I fly a Multiplex Royal Evo 9 now which had a street price just shy of $500 when I bought it. But if I amalgamate the cost of the 3-channel, 4-channel, 5-channel, and 7-channel radios it took me to get there, I figure my Evo actually cost me a little over $1000.

If you're serious about the hobby, buy as much TX as you can afford. Growing into radios is a much better value than growing out of them.

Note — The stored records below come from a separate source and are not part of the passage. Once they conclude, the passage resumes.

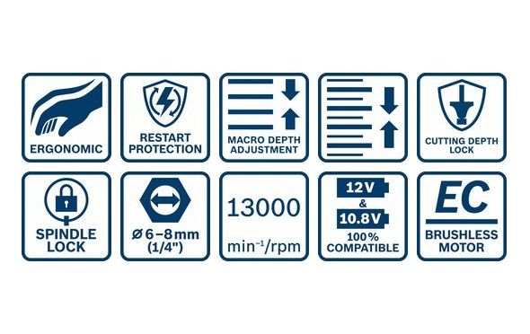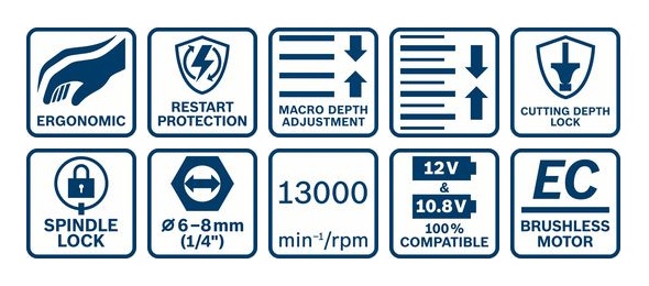 Η πρώτη στον κόσμο επαγγελματική φρέζα ακμών μπαταρίας – νέο σχήμα για τέλειο έλεγχο και εύκολο χειρισμό με το ένα χέρι. Εργονομία: Άνετος χειρισμός χάρη σε ένα μοναδικό σχεδιασμό, στο μικρό βάρος και στο ιδανικό σημείο εξισορρόπησης. Συμπαγής: Χάρη στο συνδυασμό ενός κινητήρα χωρίς ψήκτρες EC και του συστήματος 12 V. Αυτονομία χωρίς καλώδιο: Η πρώτη επαγγελματική φρέζα ακμών μπαταρίας καθιστά δυνατή εργασία χωρίς προβλήματα. Drop control για μέγιστη ασφάλεια ακόμη και σε περίπτωση τυχαίας πτώσης. Εύκολο κλείδωμα για γρήγορη αλλαγή της φρέζας. Ρύθμιση βάθους κοπής για κάθε τύπο εφαρμογής. Πλάκα βάσης με βελτιστοποιημένο υλικό για ακριβή οδήγηση κατά τη διάρκεια της εργασίας.
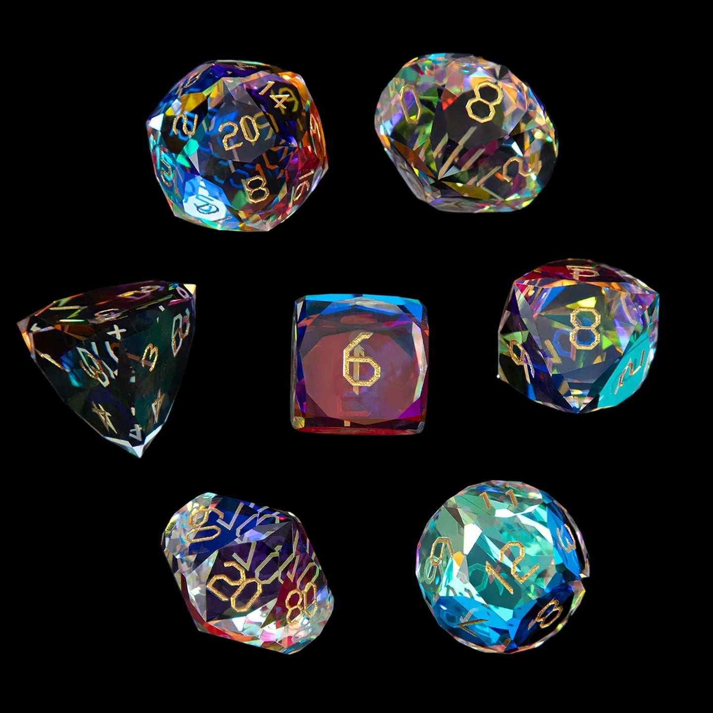 虹色クリスタルダイヤモンドカット7ピースダイスセット
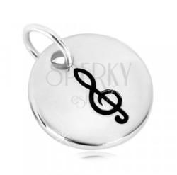 925 ezüst kerek medál. Az első oldalán egy gravírozott hangyjegy található fekete fénymázzal kitöltve. A medál felülete sima, fényes. A láncra kerülő szem kerek. Medál mérete: 10 mmLáncra kerülő szem szélessége: 3 mmSúly: 1,18 gFémjelzéssel ellátott. Medál lánc nélkül.
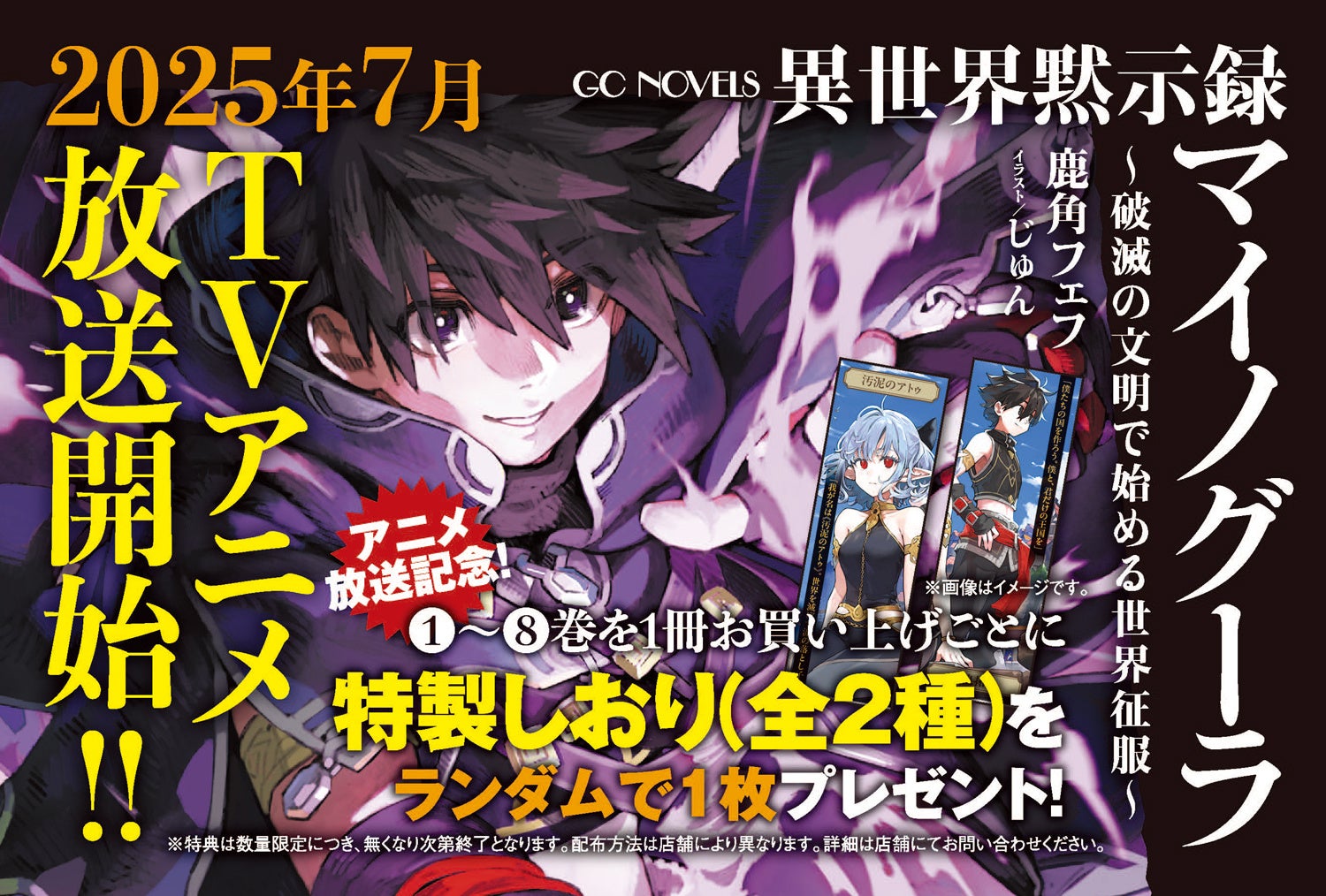 アニメ放送間近の話題作!GCノベルズ『異世界黙示録マイノグーラ~破滅の文明で始める世界征服~ 8』6月30日発売!アニメ化記念フェアも開催!

And for what it's worth, I've been given much worse advice than "start with simple 3-channel transmitter" but I knew better than to follow it.

Pete
There are situations where the "start with a 3-channel" is actually perfectly good advice. For awhile Hitec was selling these combo packs where you got something like a 555 Rx, 3 HS-55s, an Rx pack, a charge switch/jack and an el-cheapo 3-channel Tx. The price of the package was such that the Tx was essentially thrown in for free. This was an excellent deal as all of the gear would be needed anyway for whatever plane you started with, and if it turns out R/C wasn't for you you've spent as little money as possible, if it turns out R/C is your thing *then* you go buy the good Tx.

But I agree about middle-of-the-road stuff though. Either go dirt-cheap to spend as little as possible at first, or go quality right from the outset. To me it's the 5-channel Txs like the Flash 5 that are a mistake: More than you need at first but very quickly less than you want.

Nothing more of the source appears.